_The data:_
════════

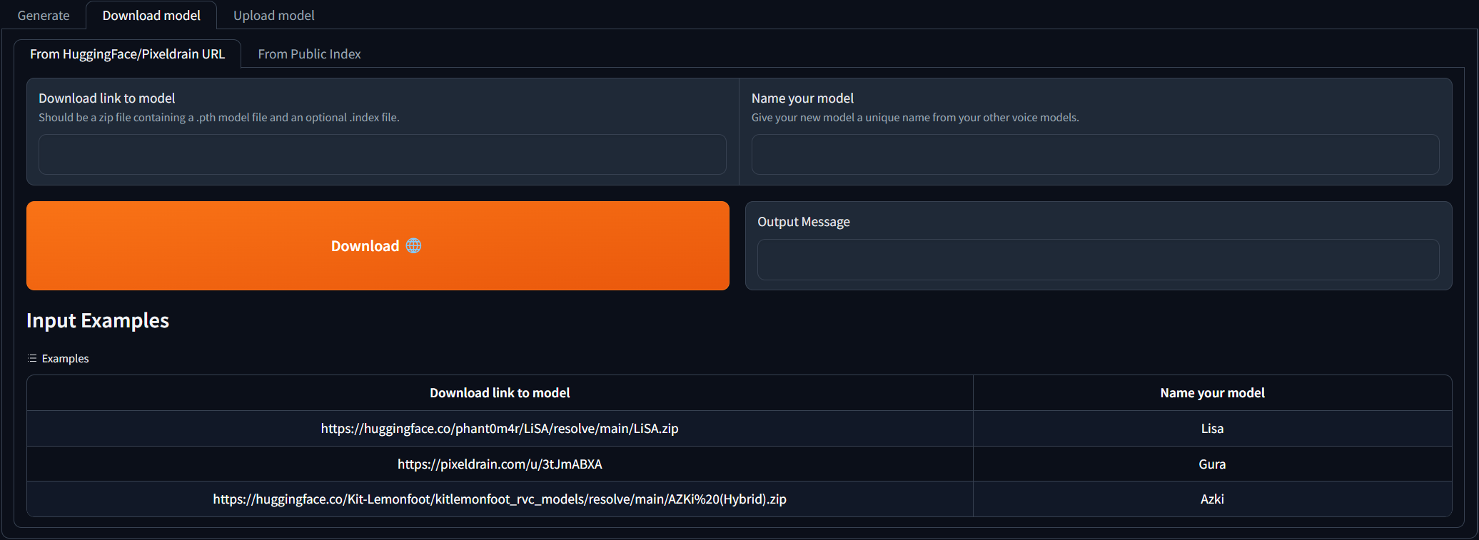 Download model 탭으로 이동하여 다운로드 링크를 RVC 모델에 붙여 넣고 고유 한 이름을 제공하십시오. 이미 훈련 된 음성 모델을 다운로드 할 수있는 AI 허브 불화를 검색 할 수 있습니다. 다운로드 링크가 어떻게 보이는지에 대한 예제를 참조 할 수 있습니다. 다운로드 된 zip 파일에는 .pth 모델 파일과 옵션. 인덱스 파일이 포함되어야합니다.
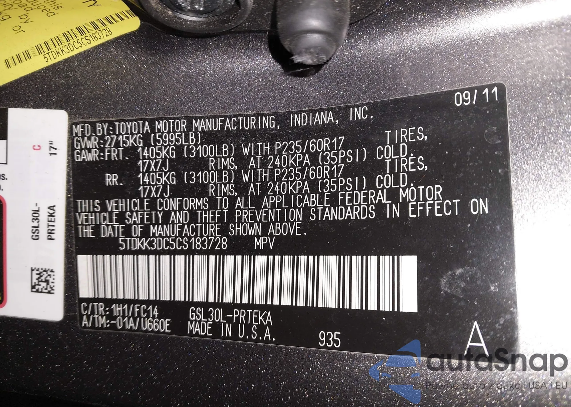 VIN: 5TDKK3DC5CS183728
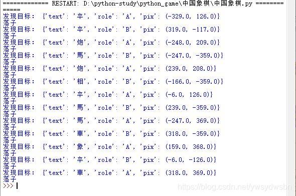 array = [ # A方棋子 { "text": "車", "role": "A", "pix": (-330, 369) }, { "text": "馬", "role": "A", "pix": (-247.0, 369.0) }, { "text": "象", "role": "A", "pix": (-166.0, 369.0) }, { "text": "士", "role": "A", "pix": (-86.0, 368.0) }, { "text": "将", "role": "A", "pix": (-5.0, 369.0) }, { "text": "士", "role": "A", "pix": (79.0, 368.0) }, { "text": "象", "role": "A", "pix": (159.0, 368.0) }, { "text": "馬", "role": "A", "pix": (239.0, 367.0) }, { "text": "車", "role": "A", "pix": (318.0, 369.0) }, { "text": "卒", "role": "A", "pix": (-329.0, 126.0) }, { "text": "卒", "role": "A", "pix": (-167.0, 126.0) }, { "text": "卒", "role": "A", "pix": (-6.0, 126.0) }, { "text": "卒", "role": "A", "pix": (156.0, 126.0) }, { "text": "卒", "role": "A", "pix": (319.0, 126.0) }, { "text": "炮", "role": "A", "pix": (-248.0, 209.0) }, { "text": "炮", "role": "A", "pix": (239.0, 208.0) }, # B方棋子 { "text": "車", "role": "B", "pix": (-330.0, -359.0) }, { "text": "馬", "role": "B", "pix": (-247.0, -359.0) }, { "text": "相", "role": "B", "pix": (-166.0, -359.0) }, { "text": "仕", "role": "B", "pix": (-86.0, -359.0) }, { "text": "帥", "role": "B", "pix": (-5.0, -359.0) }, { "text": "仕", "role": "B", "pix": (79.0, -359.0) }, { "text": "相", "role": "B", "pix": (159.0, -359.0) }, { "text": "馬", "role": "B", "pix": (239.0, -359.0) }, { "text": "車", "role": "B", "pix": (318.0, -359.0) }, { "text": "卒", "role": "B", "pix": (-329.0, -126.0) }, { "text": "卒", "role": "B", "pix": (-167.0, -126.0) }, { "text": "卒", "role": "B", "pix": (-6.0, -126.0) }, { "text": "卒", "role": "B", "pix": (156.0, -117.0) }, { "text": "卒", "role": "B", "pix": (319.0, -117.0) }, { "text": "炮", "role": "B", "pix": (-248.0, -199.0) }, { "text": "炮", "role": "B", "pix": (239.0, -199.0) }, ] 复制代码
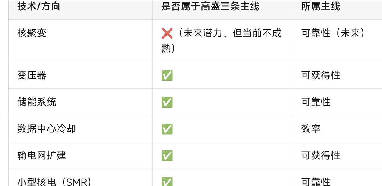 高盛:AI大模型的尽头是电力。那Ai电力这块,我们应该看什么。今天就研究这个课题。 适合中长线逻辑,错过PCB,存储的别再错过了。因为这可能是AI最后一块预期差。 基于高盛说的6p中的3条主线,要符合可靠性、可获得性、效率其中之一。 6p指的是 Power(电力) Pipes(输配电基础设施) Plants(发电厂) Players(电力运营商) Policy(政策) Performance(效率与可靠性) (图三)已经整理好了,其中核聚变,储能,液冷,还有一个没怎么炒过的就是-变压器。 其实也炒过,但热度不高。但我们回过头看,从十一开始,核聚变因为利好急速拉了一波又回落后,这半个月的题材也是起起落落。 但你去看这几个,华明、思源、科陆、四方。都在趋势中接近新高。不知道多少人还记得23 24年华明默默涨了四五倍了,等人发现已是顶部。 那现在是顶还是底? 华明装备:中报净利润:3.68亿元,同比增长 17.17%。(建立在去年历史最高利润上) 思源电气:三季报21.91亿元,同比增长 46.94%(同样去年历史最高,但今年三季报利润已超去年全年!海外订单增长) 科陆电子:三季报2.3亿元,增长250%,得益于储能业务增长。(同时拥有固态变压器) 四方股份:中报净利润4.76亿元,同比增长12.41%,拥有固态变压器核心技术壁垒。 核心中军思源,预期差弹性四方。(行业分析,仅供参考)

════════

Restate the full listing word for word, excluding images.

 Download model 탭으로 이동하여 다운로드 링크를 RVC 모델에 붙여 넣고 고유 한 이름을 제공하십시오. 이미 훈련 된 음성 모델을 다운로드 할 수있는 AI 허브 불화를 검색 할 수 있습니다. 다운로드 링크가 어떻게 보이는지에 대한 예제를 참조 할 수 있습니다. 다운로드 된 zip 파일에는 .pth 모델 파일과 옵션. 인덱스 파일이 포함되어야합니다.
 VIN: 5TDKK3DC5CS183728
 array = [ # A方棋子 { "text": "車", "role": "A", "pix": (-330, 369) }, { "text": "馬", "role": "A", "pix": (-247.0, 369.0) }, { "text": "象", "role": "A", "pix": (-166.0, 369.0) }, { "text": "士", "role": "A", "pix": (-86.0, 368.0) }, { "text": "将", "role": "A", "pix": (-5.0, 369.0) }, { "text": "士", "role": "A", "pix": (79.0, 368.0) }, { "text": "象", "role": "A", "pix": (159.0, 368.0) }, { "text": "馬", "role": "A", "pix": (239.0, 367.0) }, { "text": "車", "role": "A", "pix": (318.0, 369.0) }, { "text": "卒", "role": "A", "pix": (-329.0, 126.0) }, { "text": "卒", "role": "A", "pix": (-167.0, 126.0) }, { "text": "卒", "role": "A", "pix": (-6.0, 126.0) }, { "text": "卒", "role": "A", "pix": (156.0, 126.0) }, { "text": "卒", "role": "A", "pix": (319.0, 126.0) }, { "text": "炮", "role": "A", "pix": (-248.0, 209.0) }, { "text": "炮", "role": "A", "pix": (239.0, 208.0) }, # B方棋子 { "text": "車", "role": "B", "pix": (-330.0, -359.0) }, { "text": "馬", "role": "B", "pix": (-247.0, -359.0) }, { "text": "相", "role": "B", "pix": (-166.0, -359.0) }, { "text": "仕", "role": "B", "pix": (-86.0, -359.0) }, { "text": "帥", "role": "B", "pix": (-5.0, -359.0) }, { "text": "仕", "role": "B", "pix": (79.0, -359.0) }, { "text": "相", "role": "B", "pix": (159.0, -359.0) }, { "text": "馬", "role": "B", "pix": (239.0, -359.0) }, { "text": "車", "role": "B", "pix": (318.0, -359.0) }, { "text": "卒", "role": "B", "pix": (-329.0, -126.0) }, { "text": "卒", "role": "B", "pix": (-167.0, -126.0) }, { "text": "卒", "role": "B", "pix": (-6.0, -126.0) }, { "text": "卒", "role": "B", "pix": (156.0, -117.0) }, { "text": "卒", "role": "B", "pix": (319.0, -117.0) }, { "text": "炮", "role": "B", "pix": (-248.0, -199.0) }, { "text": "炮", "role": "B", "pix": (239.0, -199.0) }, ] 复制代码
 高盛:AI大模型的尽头是电力。那Ai电力这块,我们应该看什么。今天就研究这个课题。 适合中长线逻辑,错过PCB,存储的别再错过了。因为这可能是AI最后一块预期差。 基于高盛说的6p中的3条主线,要符合可靠性、可获得性、效率其中之一。 6p指的是 Power(电力) Pipes(输配电基础设施) Plants(发电厂) Players(电力运营商) Policy(政策) Performance(效率与可靠性) (图三)已经整理好了,其中核聚变,储能,液冷,还有一个没怎么炒过的就是-变压器。 其实也炒过,但热度不高。但我们回过头看,从十一开始,核聚变因为利好急速拉了一波又回落后,这半个月的题材也是起起落落。 但你去看这几个,华明、思源、科陆、四方。都在趋势中接近新高。不知道多少人还记得23 24年华明默默涨了四五倍了,等人发现已是顶部。 那现在是顶还是底? 华明装备:中报净利润:3.68亿元,同比增长 17.17%。(建立在去年历史最高利润上) 思源电气:三季报21.91亿元,同比增长 46.94%(同样去年历史最高,但今年三季报利润已超去年全年!海外订单增长) 科陆电子:三季报2.3亿元,增长250%,得益于储能业务增长。(同时拥有固态变压器) 四方股份:中报净利润4.76亿元,同比增长12.41%,拥有固态变压器核心技术壁垒。 核心中军思源,预期差弹性四方。(行业分析,仅供参考)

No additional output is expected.